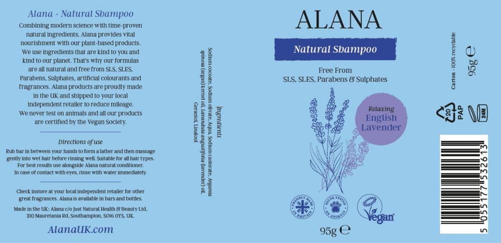 Rub bar in between your hands to form a lather and then massage gently into wet hair before rinsing well. Suitable for all hair types. For best results use alongside Alana natural conditioner. In case of contact with eyes, rinse with water immediately.
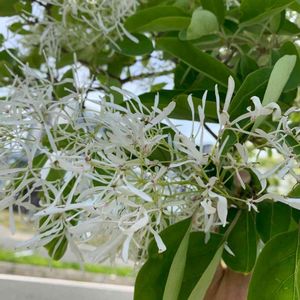 車窓からとても爽やかに揺れる花をつけて葉っぱの緑も優しい木発見! 調べてみると なんじゃもんじゃの木❣️ おもしろい✨
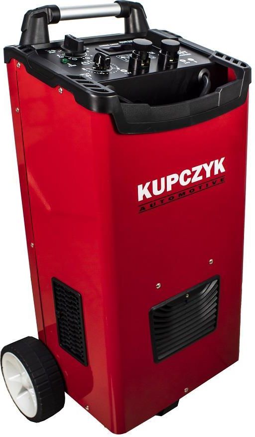 Zdarzyło Ci się, że padł Ci akumulator i nie mogłeś odpalić swojego samochodu ? Nie martw się! Kupując prostownik Kupczyk DFC-650T Twój problem zostanie rozwiązany. Dzięki naszemu urządzeniu będziesz mógł skutecznie naładować swój akumulator a w razie potrzeby użyć funkcji wspomagającej rozruch i od razu uruchomić pojazd. Prostownik do ładowania akumulatorów Kupczyk DFC-800T przeznaczony jest do ładowania akumulatorów kwasowych prądem o natężeniu 12V lub 24V. oraz do rozruchu samochodów osobowych, vanów, busów z silnikami benzynowymi oraz diesla, małych ciężarówek oraz lekkiego sprzętu budowlanego. Urządzenie wyposażone i intuicyjny panel sterowania z praktycznym elektronicznym wyświetlaczem. Na panelu znajdują się wygodne przełączniki: 12V/24V, przyciski wolnego i szybkiego ładowania oraz przycisk do rozruchu. Ponadto prostownik posiada bezpiecznik chroniący przed przeciążeniem. Dodatkowymi atutami urządzenia są koła ułatwiające transport prostownika oraz przednia kieszeń do schowania przewodów. Model DFC-800T - został wyposażony w czasowy wyłącznik ładowania na 4,5 i 6 stopniu ładowania. Umożliwia on ustawienie czasu ładowania na: 15,30,45,60 minut. Po upłynięciu czasu ładowanie zostanie zakończone. Prostownik do ładowania akumulatorów z funkcja rozruchu Kupczyk Model: DFC-800T Prostownik do ładowania 12 i 24 woltowych akumulatorów kwasowych. Zasilanie jednofazowe. Zabezpieczenie przeciw zwarciu biegunów, przeciążeniu i odwrotnej biegunowości. Elektroniczny wyświetlacz prądu ładowania. Urządzenie posiada przewody o długości 2 m zakończone zaciskami. Sześć stopnie ładowania: ładowanie - 1 Stopień ładowanie - 2 Stopień ładowanie - 3 Stopień ładowanie - 4 Stopień (wyłącznik czasowy) ładowanie - 5 Stopień (wyłącznik czasowy) ładowanie - 6 Stopień (wyłącznik czasowy) Parametry techniczne Napięcie zasilania: 230V/50Hz Napięcie prądu ładowania 12/24 V Prąd ładowania 12V: 80A Prąd ładowania 24V: 90A Maksymalny prąd ładowania: 120A Pojemność akumulatorów 12V - 20-1400 Ah Pojemność akumulatorów 24V - 20-1400 Ah Prąd rozruchu: 540A Pobór mocy: 14 kW Stopień ochrony IP20 Waga 28,5 kg Wymiary 730x360x280 Opis panelu: Amperomierz cyfrowy Kontrolka ładowania Przełącznik regulacji prądu ładowania/rozruchu Czasowy wyłącznik ładowania Zacisk + 24V Zacisk + 12V Wspólny zacisk ujemny 12 i 12V Bezpiecznik Przewód zasilający 230V
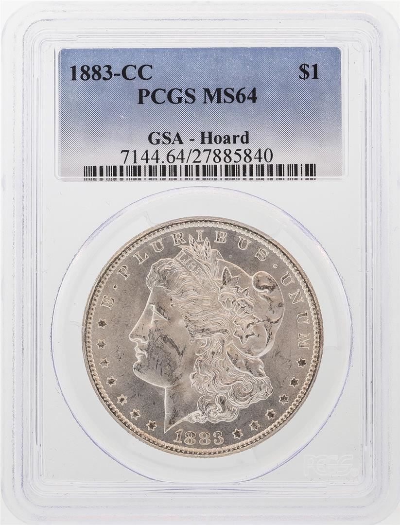 One 1883-CC $1 Morgan Silver Dollar Coin PCGS MS64 GSA. PCGS Graded.
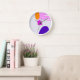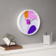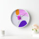 L'image centrale de cette horloge murale est constituée de trois points expressifs en orange, violet et fuchsia, accompagnés d'une séquence de rayures roses au sommet.
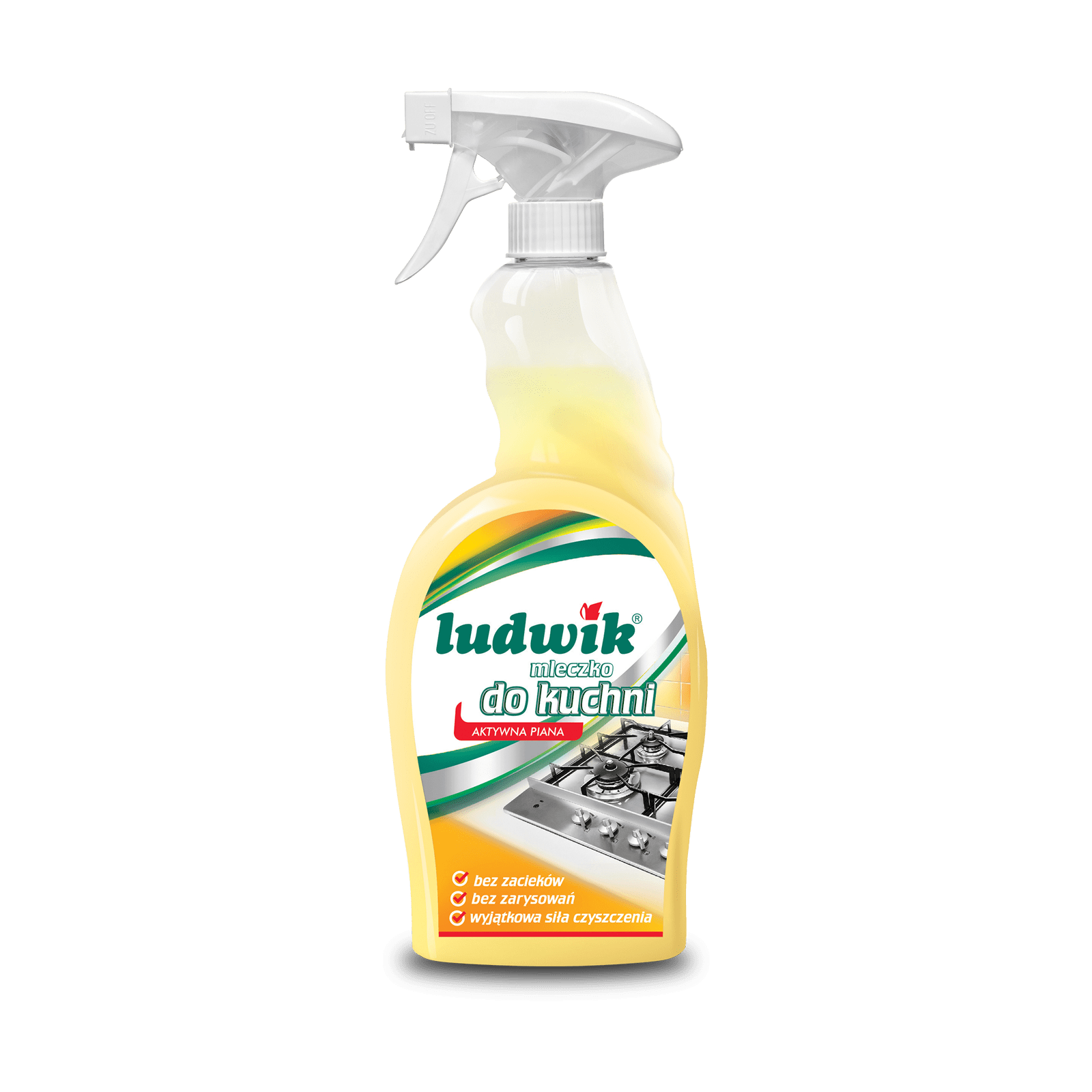 Ludwik mleczko do kuchni z aktywną pianą usuwa tłuszcz, przypalone jedzenie oraz lepki brud. Skutecznie czyści zlewozmywaki, blaty, kuchenki mikrofalowe oraz inne sprzęty kuchenne. Nie pozostawia zarysowań. Łatwe w użyciu. Nadaje powierzchniom cytrusowy zapach.
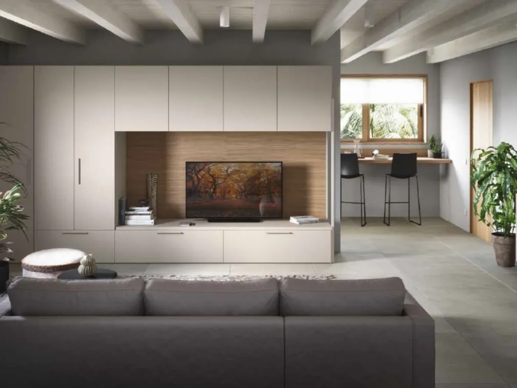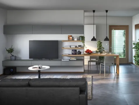 Se vuoi ultimare un soggiorno operativo e pratico dalle linee moderne, ti presentiamo la parete attrezzata Parete Attrezzata 04A Cinquanta3.
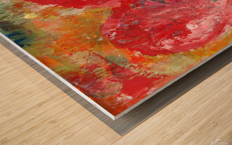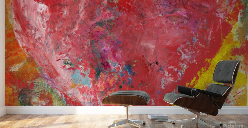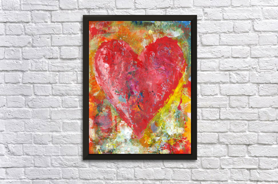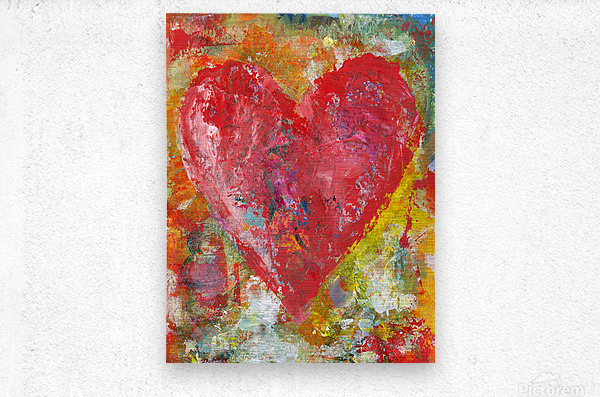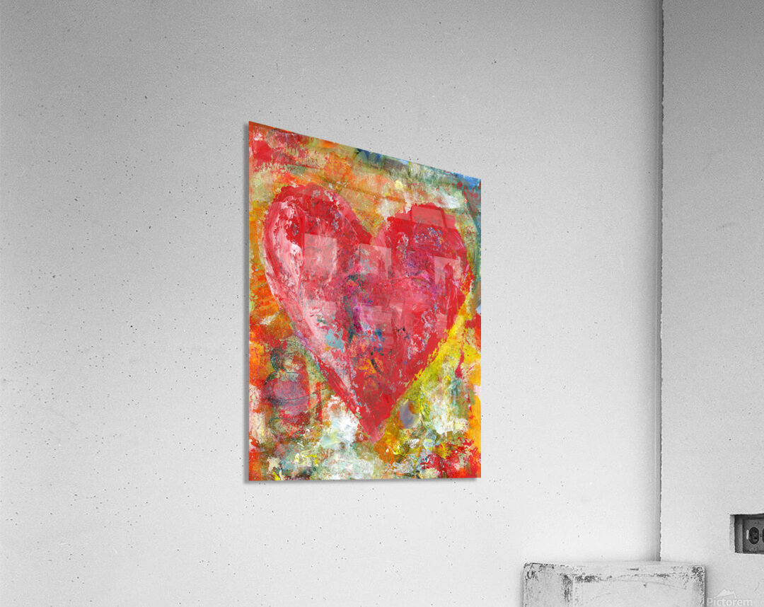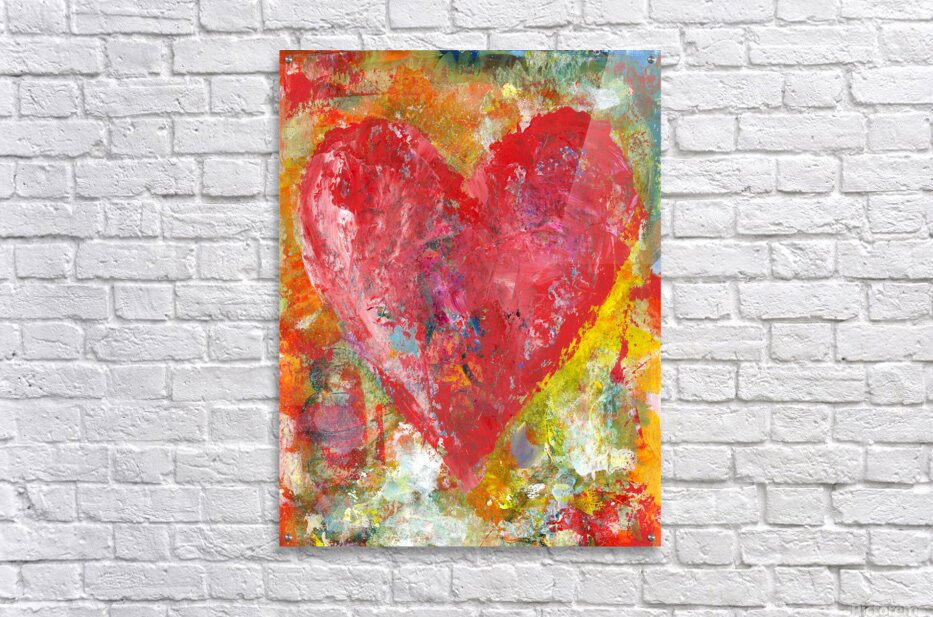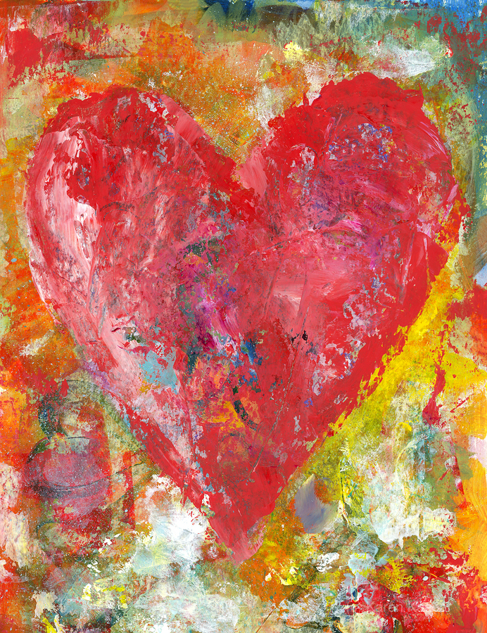 Big red heart is an expressive abstract acrylic painting in vertical format of a big red heart shape on a colorful textured background painted by arti...[+]
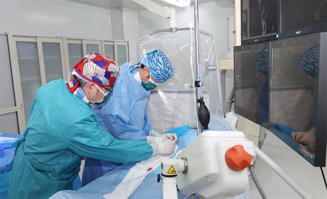 早一秒手術(shù)就多一絲康復(fù)希望。劉愛軍馬上抽組科室精干力量組成專家救治小組,實施導(dǎo)管介入取栓手術(shù)。醫(yī)護(hù)人員從右側(cè)大腿腹股溝股動脈處建立通路,在支架輔助下,取栓導(dǎo)管安全精準(zhǔn)抵達(dá)堵塞血管處。不多久,在劉愛軍團隊細(xì)心操作下,比頭發(fā)還細(xì)的導(dǎo)絲成功穿過血栓,并引領(lǐng)支架成功取出血栓。
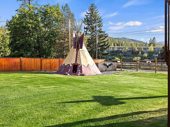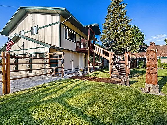 Western lodge type decorStylish finishesGorgeous flathead lake viewsPlentiful windowsDumb waiterEntertainment deckEnormous completely fenced yard

※ ※ ※

**EXERCISE DESCRIPTION:**
Each line from the one holding "Ludwik mleczko do" through the final line of the data needs to be transcribed exactly. Include both ends, skip the pictures, and add nothing.

**SOLVED EXERCISE:**
 Ludwik mleczko do kuchni z aktywną pianą usuwa tłuszcz, przypalone jedzenie oraz lepki brud. Skutecznie czyści zlewozmywaki, blaty, kuchenki mikrofalowe oraz inne sprzęty kuchenne. Nie pozostawia zarysowań. Łatwe w użyciu. Nadaje powierzchniom cytrusowy zapach.
 Se vuoi ultimare un soggiorno operativo e pratico dalle linee moderne, ti presentiamo la parete attrezzata Parete Attrezzata 04A Cinquanta3.
 Big red heart is an expressive abstract acrylic painting in vertical format of a big red heart shape on a colorful textured background painted by arti...[+]
 早一秒手術(shù)就多一絲康復(fù)希望。劉愛軍馬上抽組科室精干力量組成專家救治小組,實施導(dǎo)管介入取栓手術(shù)。醫(yī)護(hù)人員從右側(cè)大腿腹股溝股動脈處建立通路,在支架輔助下,取栓導(dǎo)管安全精準(zhǔn)抵達(dá)堵塞血管處。不多久,在劉愛軍團隊細(xì)心操作下,比頭發(fā)還細(xì)的導(dǎo)絲成功穿過血栓,并引領(lǐng)支架成功取出血栓。
 Western lodge type decorStylish finishesGorgeous flathead lake viewsPlentiful windowsDumb waiterEntertainment deckEnormous completely fenced yard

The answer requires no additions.